Şubat ayında yerinde inceleme yapan İstanbul 4 Numaralı Koruma Kurulu heyeti, konakta insan kaynaklı tahribatın yaşandığını tespit etti. Savcılığa suç duyurusunda bulunan kurul, 321 ada 44 parselde bulunan konak bahçesindeki otoparkın kaldırılmasını ve güvenliğin sağlanması için tedbirlerin alınmasını istedi. Ancak yaklaşık 5 aydır, konak ve çevresinde hiçbir önlem alınmadı, konağı satın alan şirketin kiraya verdiği otopark da kullanılmaya devam ediyor.
İKİ KEZ ÇÖKME TEHLİKESİ GEÇİRMİŞ
Semt sakinleri de konağın kaderine terk edilmiş olmasından dolayı kaygılı. 35 yıldır, konağın hemen yanı başında işletmesi bulunan Selahattin Yiğitoğlu, konağın bölgede ciddi tehlike arz ettiğini belirtti. Yiğitoğlu, “Çoğu zaman kendi içinde göçmüştür. Anıtlar Kurulu neye dayanarak buraya gelip bu işi çözmüyorlar anlamıyorum doğrusu. Gerçekten yıkıldı, yıkılacak burası. Burası bir tarih. Yazık, günah. Bir an önce yapılması gerekiyor buranın. Daha önce buraya gelinip çıkılıyordu içine, ama zaman içinde yıkıldı gitti. Görüldüğü gibi de zaten bastığın gibi çöküyor. 2 sefer zaten göçme tehlikesi geçirdi. İlla ki birilerinin ölmesi mi gerekiyor? Turistler özellikle geliyor çekiyor. Onlar çekince ben üzülüyorum gerçekten. Göçmüş bina, tarih diye bir şey kalmadı. Tarihi yeniden canlandırsınlar" dedi.
“BURADAN GEÇERKEN KORKUYORUM, TİTRİYORUM"

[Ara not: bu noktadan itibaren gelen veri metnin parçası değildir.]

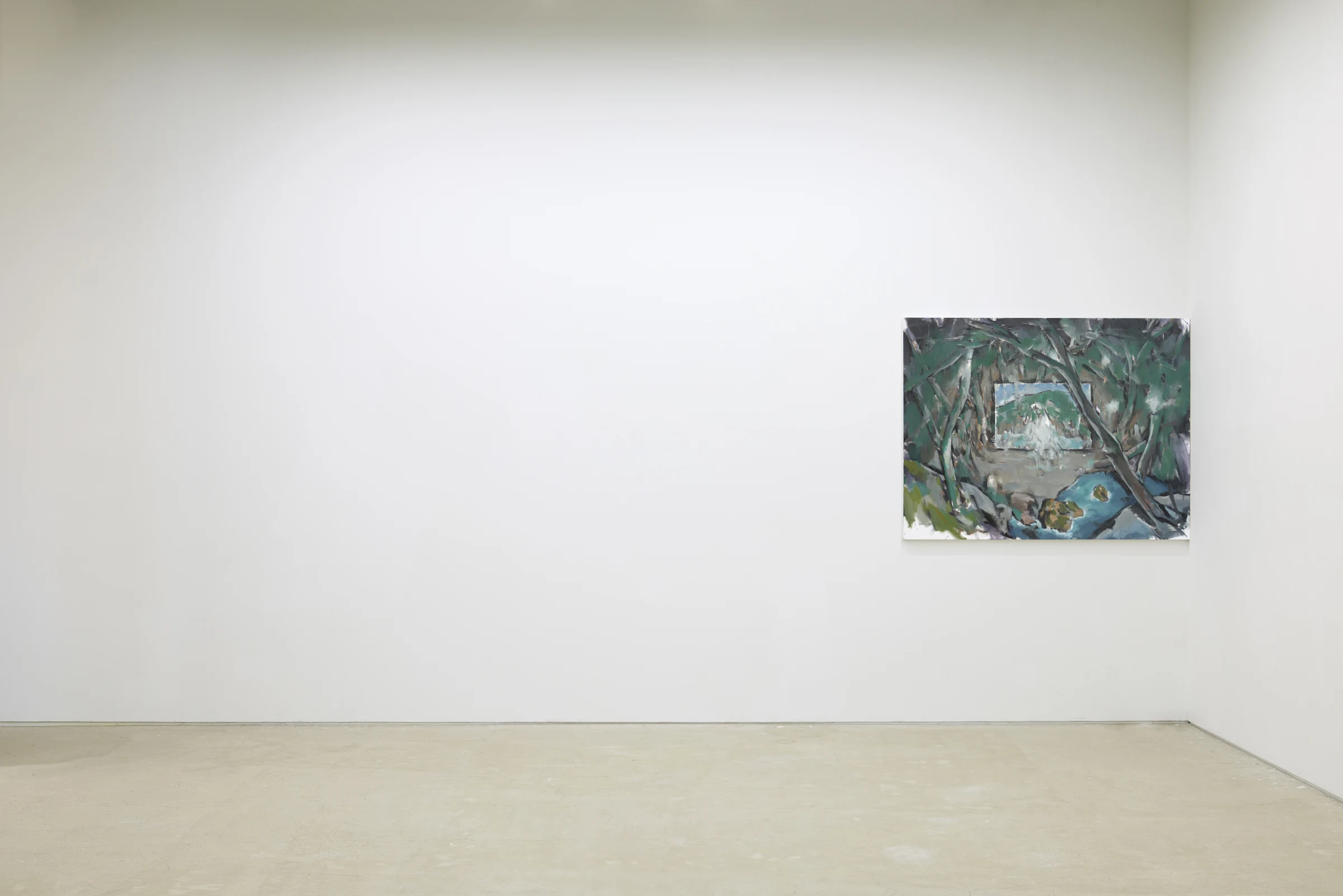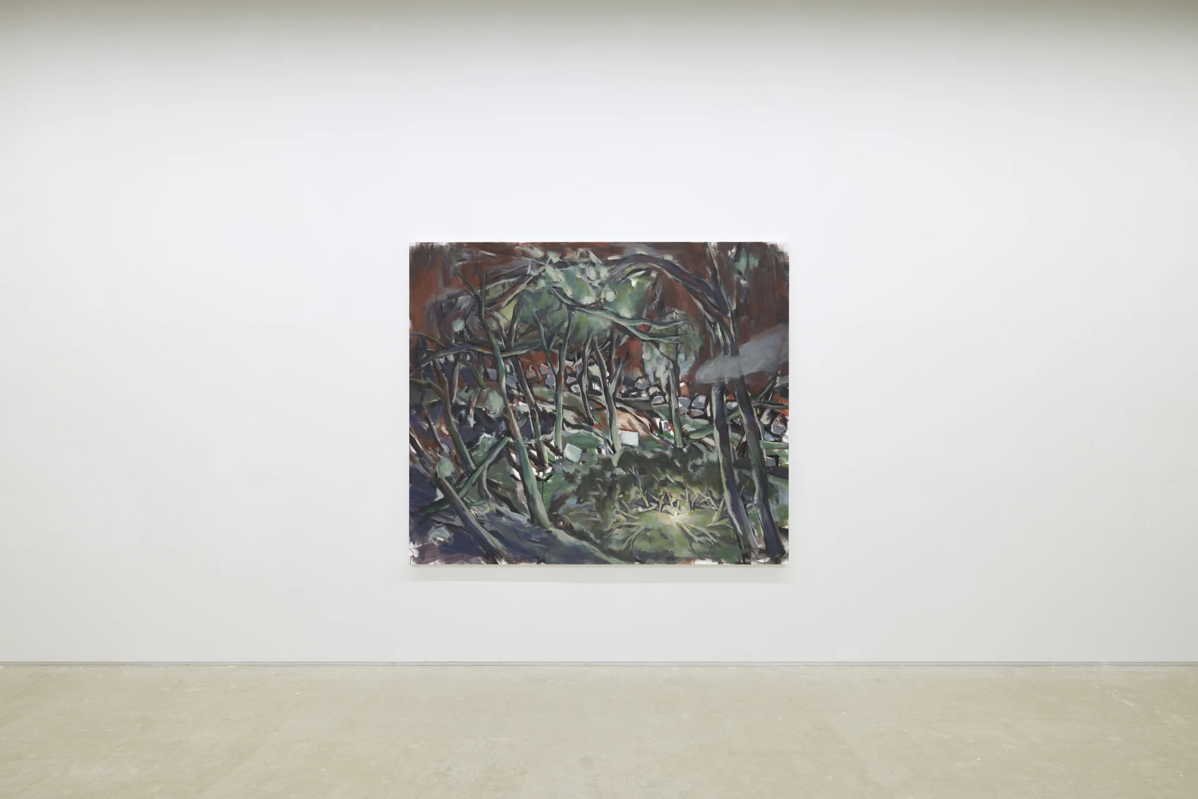 This turn comes from the overlapping of viewpoints and the structural unfolding of the canvas. For days, Jang fixes his gaze upon a singular place, translating the embodied knowledge of landscape to the canvas, an act fundamentally different from mere transcription. Memories of the directly observed flood forth all at once, while simultaneously, surrounding temporality and location collide with imagined imagery splintered from their original contexts. These layered, colliding registers compress into what Jang calls a hypothetical stage—a constructed arena wherein the impossible unfolds with the weight of lived encounter. Upon this stage, exaggerated and reduced elements coexist; different viewpoints converge on a single plane. Within this stage, ground flips to foreground; vertical and horizontal axes cross and dissolve. These compositions present reality’s logic askew—less a distortion than a process where nature’s order collapses and reconstitutes itself. Here, through the mediation of these tangled, intermixed elements, painting creates a space for its own structural foundations to be reimagined.

Semt sakinlerinden Ahmet Avcı da “Her gün buradan geçerken korkuyorum, titriyorum. Her an her şey olabilir. Burası deprem ülkesi. En ufak bir sarsıntı da bile çökebilir burası. Neden devlet, sahipleri ya da yetkililer sahip çıkmıyor. Sürekli bu yolu kullanırım, gerçekten endişeliyim" diye konuştu. Uzun yıllar Libya'da çalışmış olan Ali Türk de “Tarihimiz ihmal ediliyor. Yıkılmış artık burası. Allah korusun çok tehlikeli. Yarın bir gün bir fırtına gelir, burası çökerse millet yaralanır, araçlar hasar görür. Yetkililer gelsin yeniden bir imar etsinler. İstanbul çok eski bir şehir. Burası benim için cevher gibi. Yıkılmasın, burayı yapsınlar" dedi.